Le MMSE a été publié en 1975, j’ai toujours pensé qu’il était utilisable librement car publié. Ce n’est pas le cas, les auteurs (intelligemment?) n’ont pas cédé le copyright à la revue. Ceci sous entend que si PAR en a envie, elle peut attaquer tous les praticiens utilisant son test sans son accord. Aux USA, ceci peut couter très cher jusqu’à 150000$ par test… Ceci explique sa disparition progressive des textbooks.

Après cette lecture que je ne peux que vous conseiller, je dirais même qu’elle est  indispensable. Je me suis demandais ce qu’il en était du statut des formules que j’utilise quotidiennement, Cockroft, MDRD, CKD-EPI. J’ai rapidement regardé et il semble que le copyright appartienne à l’éditeur de la revue dans laquelle ces formules ont été publiées. Aucune n’est sous une licence Creative commons ou GNU GPL.

Si je comprends bien, j’aimerai avoir l’avis de juristes sur ce point. Demain, un éditeur décide, pour arrondir ses fins de mois difficiles, de demander une somme pour l’utilisation de la formule, nous devrons payer ou renoncer à utiliser la formule.

Ceci peut paraitre de la science fiction. Je ne crois pas. Les laboratoires d’analyses médicales intègrent de plus en plus le calcul du DFG (malheureusement pas avec CKD-EPI comme le recommande maintenant l’HAS). Il sera facile d’exiger un paiement pour chaque DFG. Si vous publiez vos résultats, l’éditeur pourrait exiger que vous montriez les documents confirmant le fait que vous ayez payé la licence pour l’utilisation de la formule. Je trouve ça très inquiétant pour notre pratique. Chaque éditeur de revue médicale pourrait s’emparer de ces formules et monnayer leur utilisations. Ceci concerne toutes les spécialités médicales.

Est il si illégitime que les créateurs du MMSE gagnent de l’argent avec leur test?

Dans une logique capitaliste, non, ils sont plutôt inciter à ce genre de chose. Même en France, nous sommes poussés par nos universités à valoriser notre recherche.
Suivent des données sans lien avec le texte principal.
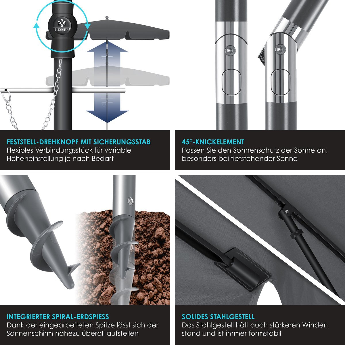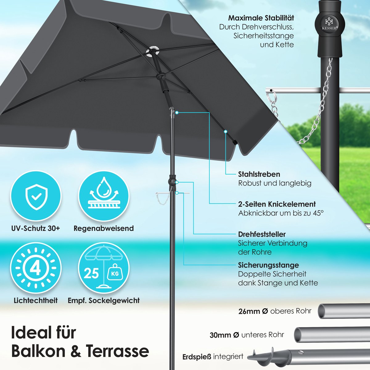 KESSER Rechthoekige Parasol - Zeer Robuust, Met UV-Bescherming, 2-in-1 Hoes en Tas, Geïntegreerde Grondpen, Draaivergrendeling en Verstelbare Hoek tot 45°

Les auteurs du MMSE ne font que ça: valoriser leur travail, comme un chercheur qui découvre une nouvelle molécule pour soigner le cancer ou les pathologies cardio-vasculaires va la protéger pour toucher des royalties.  Les auteurs de l’article s’offusquent de cet état de fait, mais est ce que la politique de UCSF (leur université) est très libérale avec la gestion du copyright?

Dans une logique d’accessibilité aux soins, le copyright est difficilement défendable. Comment justifier que je ne puisse pas utiliser une formule ou un score pronostic pour améliorer la prise en charge de mes patients? Il y a exactement le même problème dans le domaine du médicament. Je n’ai pas vu beaucoup d’universitaires américains défendre les génériqueurs brésiliens ou indiens dans leur lutte contre big pharma pour la production de trithérapie à faible cout. On ne peut pas réclamer l’open access que dans un champs de la santé. L’accessibilité aux soins est un problème global et la réponse doit être globale. J’avais parlé de ce problème ici et .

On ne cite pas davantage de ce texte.